§ **INFORMATION PROVIDED**:
*****

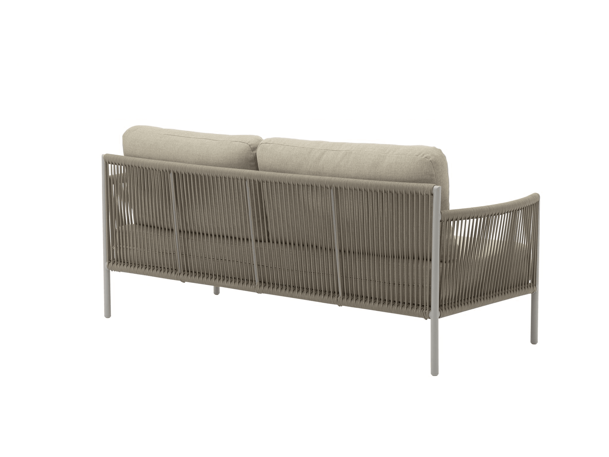 Collezione da esterno Ashlyn 4 pezzi, struttura in alluminio grigio scuro, corda grigio chiaro con cuscini impermeabili in grigio, piano in vetro con finitura in ceramica color caffè
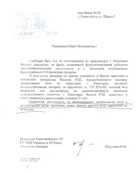 Об этом правозащитнику Марку Бен-Наим сообщил сам начальник Евпаторийского горотдела милиции Камал Абдуллаев. Еще в начале курортного сезона в городе Евпатория журналистами сайта "Крымский аналитик" были сделаны фотографии некоего дельца, который на жаре устроил выставку декоративных птиц и собирал деньги за фотографирование с пернатыми. Птицам приходилось проводить целый день на солнцепеке ради пополнения мошны своего владельца. Все попытки граждан потребовать у дельца документы подтверждающие законность его "бизнеса" оказались безуспешны в связи с чем были направлены жалобы в Евпаторийский горотдел милиции. Только через два месяца правозащитник Марк Бен-Наим получил ответ начальника Евпаторийской милиции Камала Абдуллаева из которого следует, что незаконная деятельность живодера прекращена, а других подобных фактов в Евпатории не выявлено. Отправившийся на место журналист "Крымского аналитика" Марк Агатов в очередной раз запечатлел всю ту же картину - тот же живодер, и те же несчастные птицы в буквальном смысле в поте лица добывающие прибыль своему хозяину.
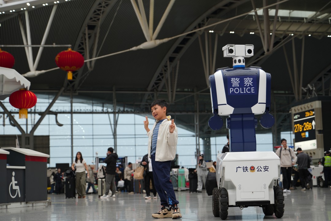 “为确保您平安顺利出行,请您看管好个人的随身物品……”广州南站在出站层和候车区,两台全新升级的智能警用巡逻机器人“小高”引来不少旅客围观和“打卡”。

*****

§ **REQUIREMENT**: From the data above, write out everything exactly except the pictures.

§ **OUTPUT FOR THIS TASK**:
 Collezione da esterno Ashlyn 4 pezzi, struttura in alluminio grigio scuro, corda grigio chiaro con cuscini impermeabili in grigio, piano in vetro con finitura in ceramica color caffè
 Об этом правозащитнику Марку Бен-Наим сообщил сам начальник Евпаторийского горотдела милиции Камал Абдуллаев. Еще в начале курортного сезона в городе Евпатория журналистами сайта "Крымский аналитик" были сделаны фотографии некоего дельца, который на жаре устроил выставку декоративных птиц и собирал деньги за фотографирование с пернатыми. Птицам приходилось проводить целый день на солнцепеке ради пополнения мошны своего владельца. Все попытки граждан потребовать у дельца документы подтверждающие законность его "бизнеса" оказались безуспешны в связи с чем были направлены жалобы в Евпаторийский горотдел милиции. Только через два месяца правозащитник Марк Бен-Наим получил ответ начальника Евпаторийской милиции Камала Абдуллаева из которого следует, что незаконная деятельность живодера прекращена, а других подобных фактов в Евпатории не выявлено. Отправившийся на место журналист "Крымского аналитика" Марк Агатов в очередной раз запечатлел всю ту же картину - тот же живодер, и те же несчастные птицы в буквальном смысле в поте лица добывающие прибыль своему хозяину.
 “为确保您平安顺利出行,请您看管好个人的随身物品……”广州南站在出站层和候车区,两台全新升级的智能警用巡逻机器人“小高”引来不少旅客围观和“打卡”。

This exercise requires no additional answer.